Cuando concilian los une la idea de que: 1) tienen que jugar juntos porque enfrentan al bicho en el mismo terreno y el mejor recurso para ayudar al peronismo que administra Buenos Aires los tiene el gobierno macrista de la ciudad; 2) tienen que caminar por un desfiladero cercado por posiciones extremas de uno y otro lado, los duros y blandos de una y otra fuerza. Le cuesta menos a Horacio, más a Alberto, que es el eslabón débil de la coalición con Massa y Cristina.

A medida que pasa el tiempo, el presidente parece ceder fuerza ante sus aliados. A Cristina le tolera órdenes de esa jefatura de gabinete paralela que es la vicepresidencia. Desde allí se dan órdenes a funcionarios para que retiren acciones contra ella en la Oficina Anticorrupción, o que se pidan libertades domiciliarias, medidas que Alberto no revierte y de las que dice se entera por los diarios. Debe tolerar que ella fatigue los teléfonos con instrucciones a Axel Kicillof, a quien también enloquecen las consignas cruzadas, e incurre en pasos de comedia conmovedores.

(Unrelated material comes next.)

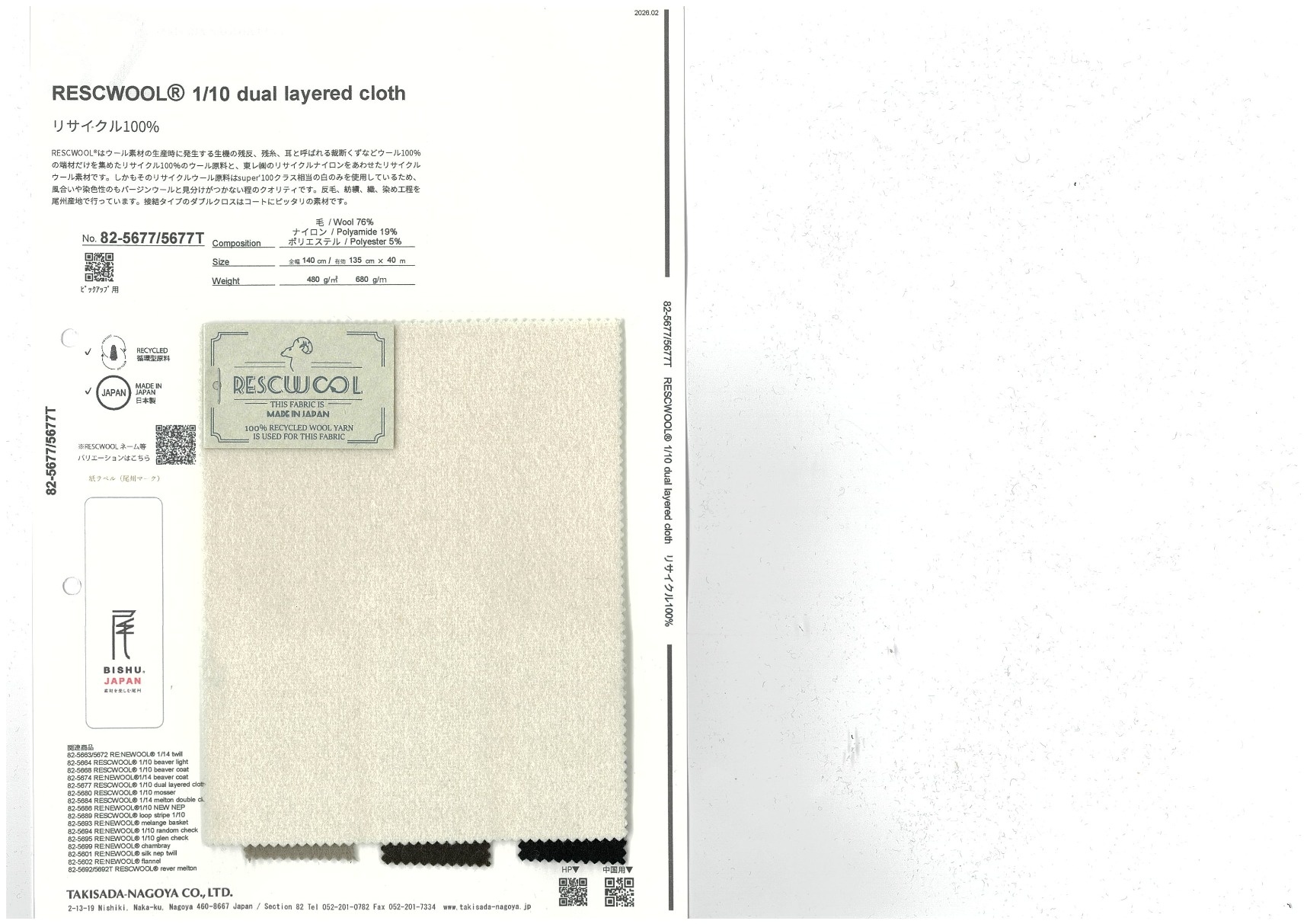 地球環境を守るサステナブルなものづくりをしていくために生まれた、リサイクルウール糸シリーズRESCWOOL®。ごく限られた国内の工場の、ウール100%の残生機や糸のみをリサイクルしたワタを使用しているため、混率にotherが出ない特別なリサイクルウール糸。そのため後染めが可能。なんとエコマークライセンスも取得済み!強度のためにブレンドするナイロンも、東レ(株)のリサイクルナイロンを採用。接結タイプのダブルクロスはコートにピッタリの素材です。

Por ejemplo, cuando desmintió que los barrios pobres provean los muertos en la lucha contra a peste, argumento que había desarrollado nada menos que el jefe de gabinete Santiago Cafiero. ¿Era necesario? Esas escenificaciones son estremecedoras. Larreta es un político disfrazado de funcionario municipal, Alberto y Kicillof son dos funcionarios disfrazados de políticos, condición que no tienen. De esos tres porteños depende la salud y la economía de los argentinos.

Larreta es el fundador de lo que fue el macrismo antes de reclutar a Macri, y conduce hoy el distrito más importante de su fuerza, con alianzas que contienen contradicciones que sólo un líder puede contener - Vidal vs. Monzó, Carrió vs. Lousteau. Alberto y Alex son dos profesores convocados a la función pública, con votos prestados, tienen que ejercer de políticos sin serlo. Son punto, no banca. Larreta es banca. Como docentes, confían en la improvisación y por eso hablan largo, distraídos y confusos. ¿Alguien entendió las especulaciones estadísticas de Kicillof sobre la peste en la conferencia del jueves? ¿A quién le hablaba? No se le entendió nada.